La libertad no es una partícula en suspensión. Crece o mengua. No es un statu quo ni está en la naturaleza, salvo que entendamos la libertad como la ley del más fuerte.
El siglo XX fue un enorme tira y afloja entre regímenes liberales –en el sentido más amplio del término– y autoritarismos de diverso signo. Se impusieron los liberales. Quedaron tensiones internas dentro de los países, pero eran por matices. En Europa la democracia como régimen no estaba ya en tela de juicio.
Empezaron a llegar generaciones que nacieron con un amplio sistema de derechos y libertades. La mía es la primera de muchas. Somos generaciones que no valoran ser libres porque creemos que forma parte del paisaje. Pero la libertad es frágil y las sociedades humanas, un ecosistema inestable.
Hoy vuelven de forma poco tímida los liberticidas y por varios flancos. Estamos asistiendo a una revuelta cultural que propone arrepentirnos de todo el pasado occidental, tirar a nuestros héroes, borrar nuestro arte e instaurar el culto a un nuevo relato que no se sustenta en nada. Los hechos o la historia son lo de menos.
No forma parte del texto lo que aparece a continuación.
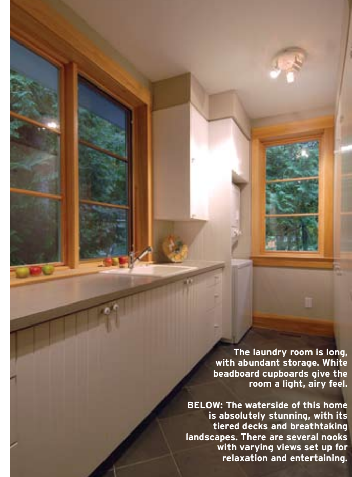
The laundry room is long, with abundant storage. White beadboard cupboards give the room a light, airy feel.

Zoom out. As you leave this cosy home, built with care down a secluded lane, through a shadowy cedar forest, you're struck by the home's appropriate sense of scale. You feel this timeless home is already an integral part of its natural surroundings – a warm refuge for its owners that easily withstands the wild winds off Georgian Bay. OH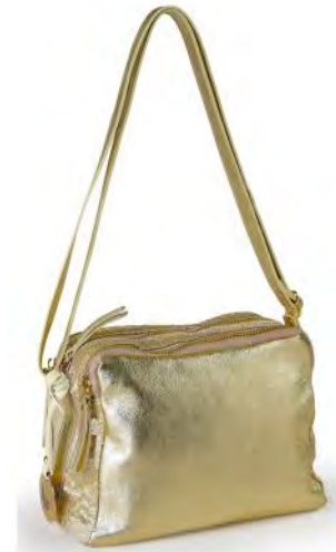
Style #B237 (9"x 4"x 7"H) $79. Lam. Suede Leather: Silver, Gold (RTW)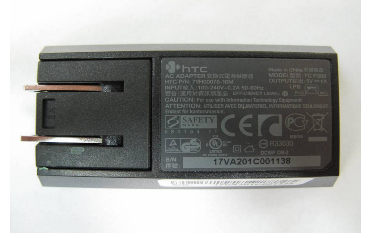
Adapter-4(TC P300, Brand: Foxlink)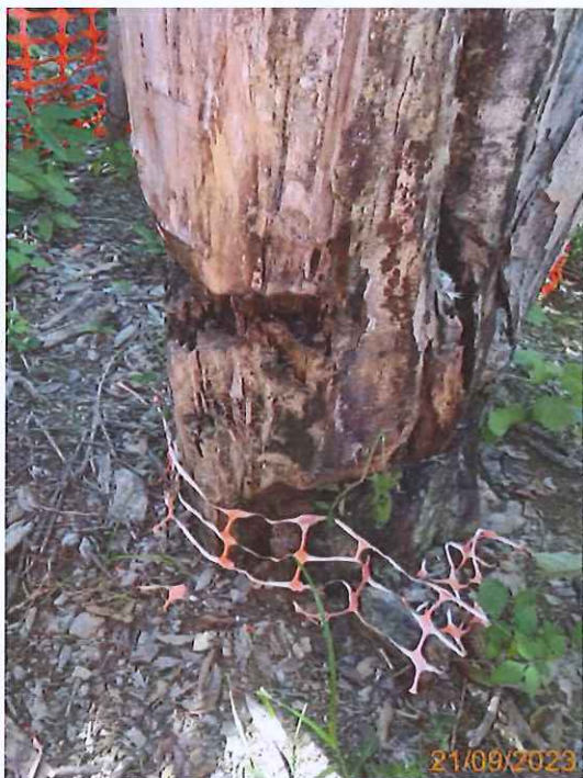
8: U041_Wood damaged by termite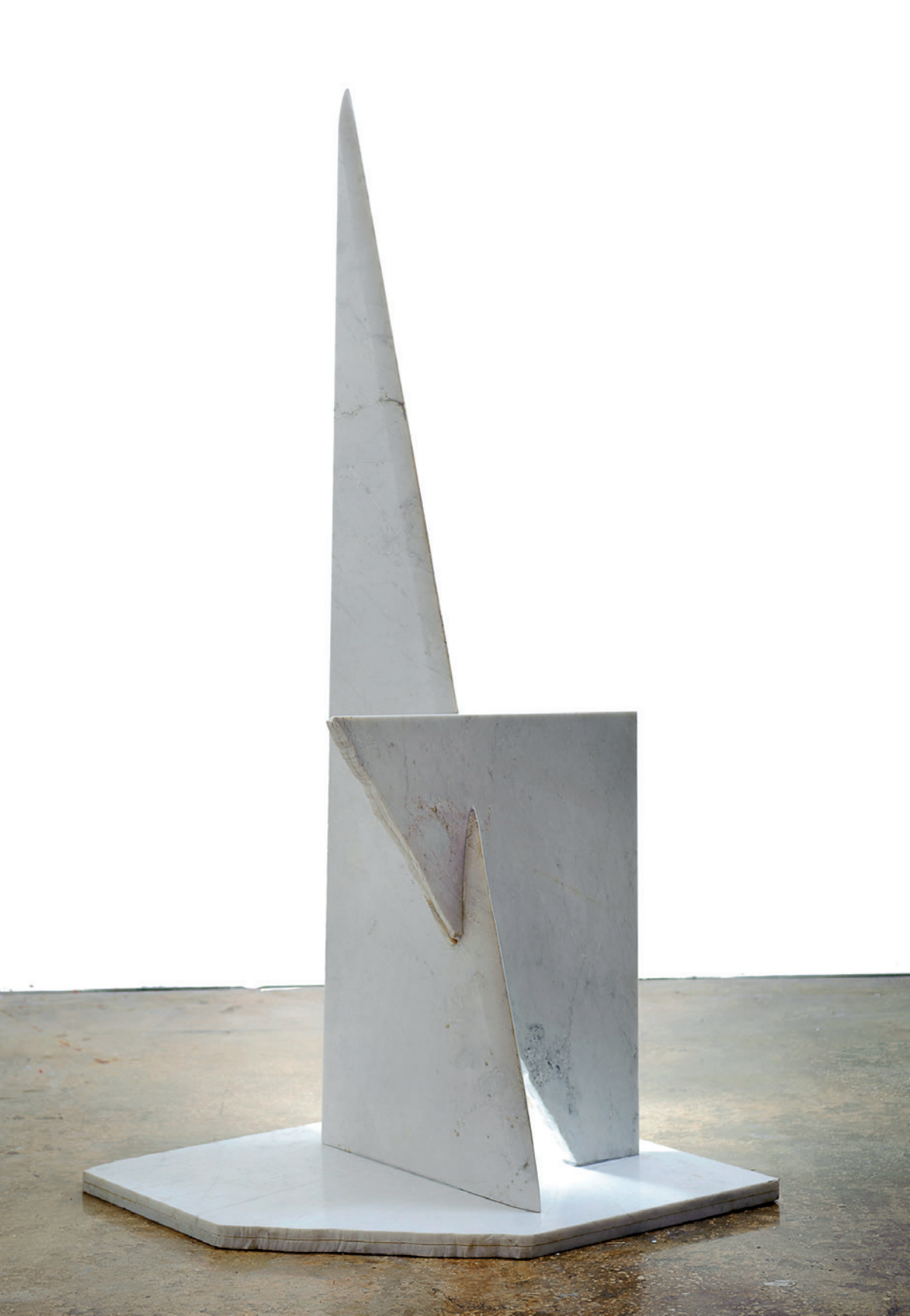
Displaced sculpture I White marble and resin 75" x 32.5" x 32" • 2018

Hemos visto cómo se ha tumbado la estatua de Churchill o el busto de Cervantes en las semanas pasadas en nombre de los derechos humanos. Daba el igual que el primero fuera la última línea de resistencia frente a Hitler –con enormes presiones internas para pactar una rendición con los nazis– o que el segundo sea el autor de la mayor obra maestra de la literatura en español, por tanto, una de las mayores obras de arte de la historia.
El posmodernismo se basa en la aniquilación de la verdad. Todo es relato. La Ilustración es un mal sueño. Y vivimos ahora una fase aguda de esta corriente hueca y poco exigente con sus correligionarios. El momento de posmodernidad aguda se constata cuando se tiene por intelectual a quien tuitea "La hegemonía se mueve en la tensión entre el núcleo irradiador y la seducción de los sectores aliados laterales. Afirmación–apertura”, en lo que parece una parodia del Escándalo Sokal.
Todo comienza como revolución cultural pero termina metido en el salón de tu casa diciéndote qué hacer
Pero el problema no es que haya un nutrido grupo de pseudointelectuales, artistas o políticos que opten por el salto al vacío. El problema es que quieren imponerlo a los demás y no encuentran una resistencia organizada. Y debe hacerse.
Lo que ha sucedido con Lo que el viento se llevó, queriendo censurarla retirándola de plataformas es una manifestación más del delirio que viene. Nada está a salvo: después vendrán John Ford, Howard Hawks o García Berlanga. Lo mismo sucederá con Caravaggio o Velázquez. Con Miguel Ángel o Leonardo. Con Cristóbal Colón o Fray Junípero Serra. Leer la autobiografía de Woody Allen es un acto de rebeldía suprema.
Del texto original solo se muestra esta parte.